HOUSEHOLD finances will remain under pressure this year, as the threat of unemployment and low wage growth forces Britons to tighten their belts, according to new research.
The study by the Building Societies Association (BSA) also suggests that more consumers are placing their savings with mutuals. Gross lending by building societies and other mutuals in 2011 was £23.6bn, a rise of 16 per cent compared to 2010.
Gross lending by mutuals in December was £2.1bn, a rise of 15 per cent compared to December 2010. There was also a 19 per cent rise in mortgage approvals in 2011 to £23.1bn.
Adrian Coles, the director-general of the BSA, said: “The housing market faces significant headwinds over the coming 12 months but mutuals are poised to take on these challenges and continue to offer market leading rates and innovative products to home movers and first-time buyers alike.

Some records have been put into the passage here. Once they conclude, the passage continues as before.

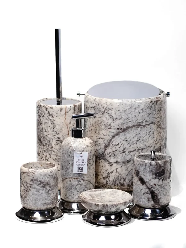 ست سرویس بهداشتی سنگی تراورتن نقرهای 1919 انتخابی لوکس و منحصربهفرد برای فضاهای حمام و سرویس بهداشتی است.
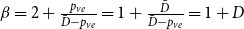 \begin{align*} \beta = 1+D = 1+\frac{\bar{D}+\gamma \bar{V}}{\bar{D}-m p_{ve}} = 2 + \frac{\gamma \bar{V} + m p_{ve}}{\bar{D} - m p_{ve}}. \end{align*}
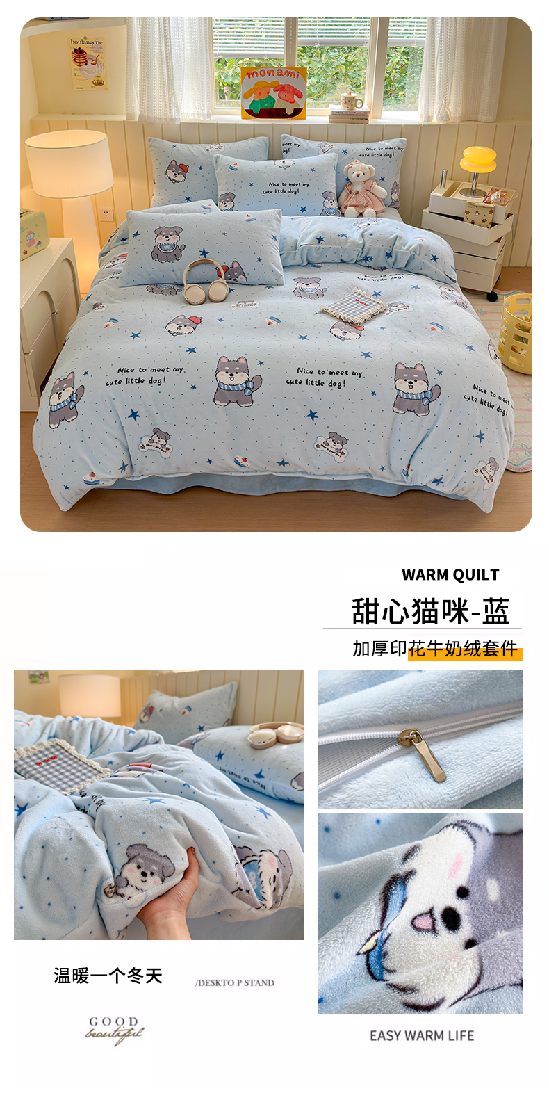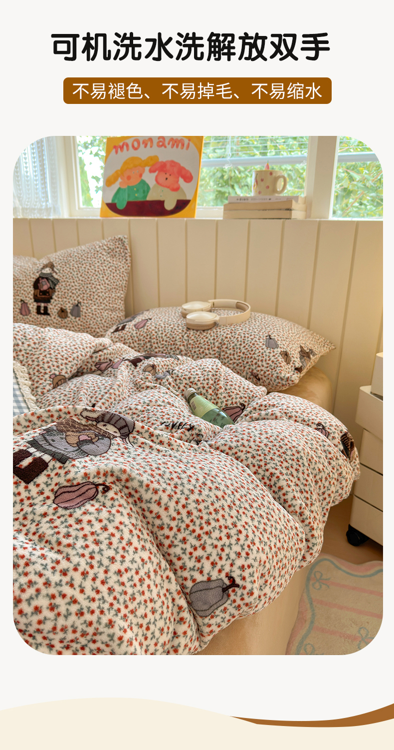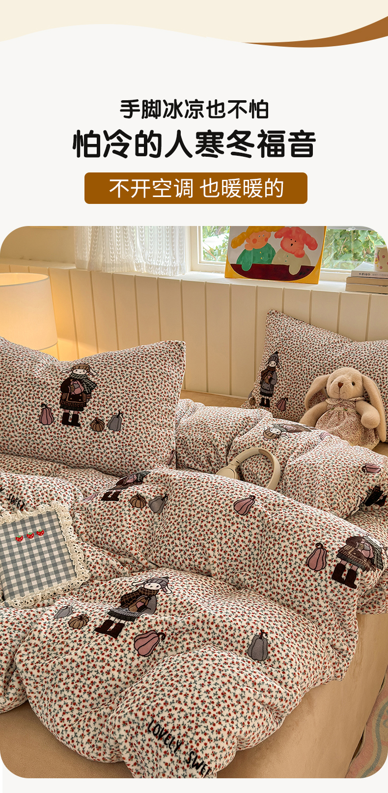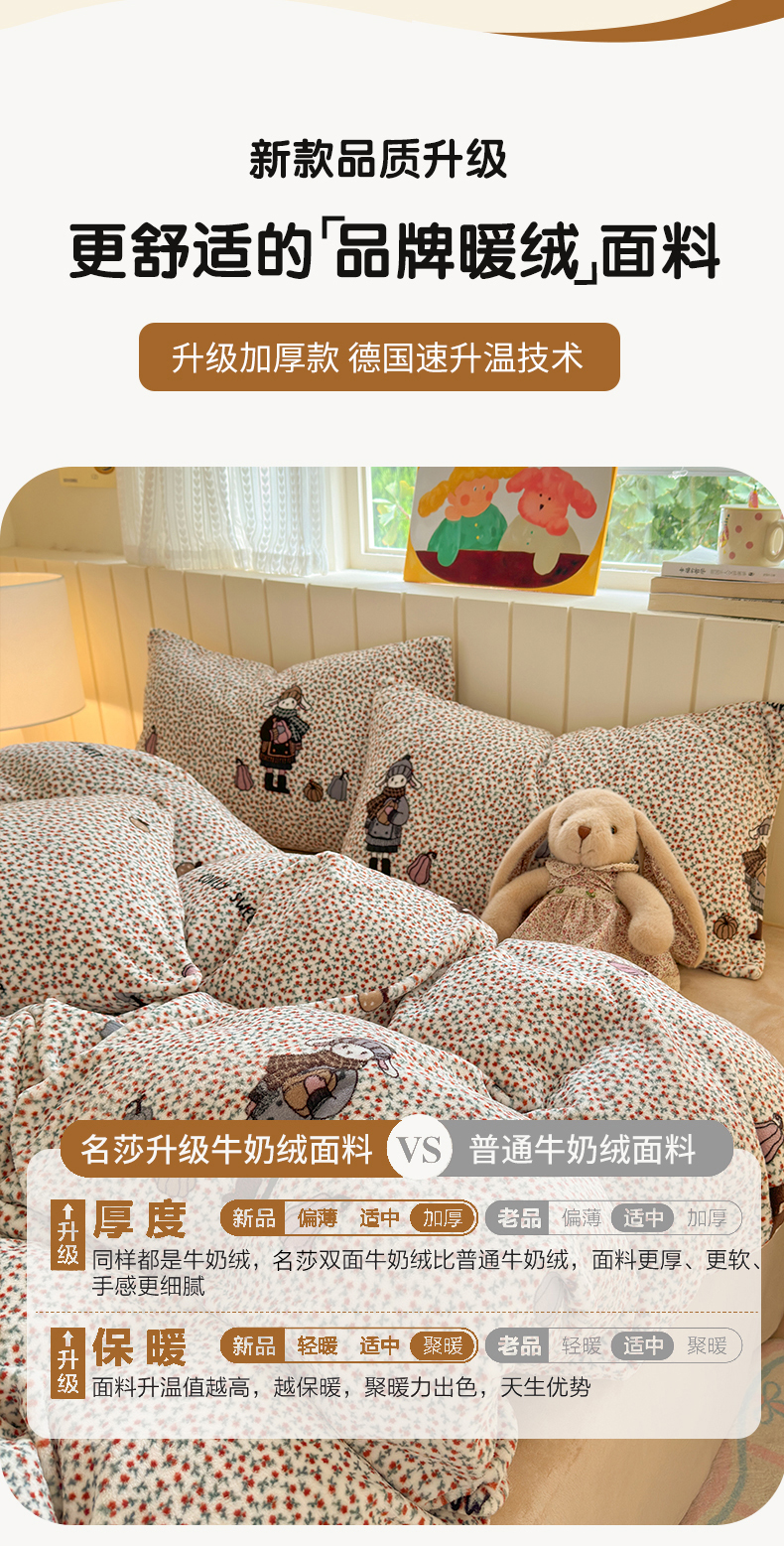 当前位置: 91家纺网 > 商品网购 > 床品套件 > 四件套 > 牛奶绒四件套 > 丽美人家纺 2025新款小版印花牛奶绒四件套 春日女孩

“Growth in savings balances at mutuals increased significantly in 2011 compared to previous years although it is clear that savers are still struggling to save as much as they would like.
“The fall in the rate of inflation may offer some breathing space to households but if conditions in the labour market continue to deteriorate and wage growth remains low, household finances are likely to remain squeezed for some time to come.”
The Building Societies Association (BSA) represents mutual lenders and deposit takers in the UK, including all 47 UK building societies.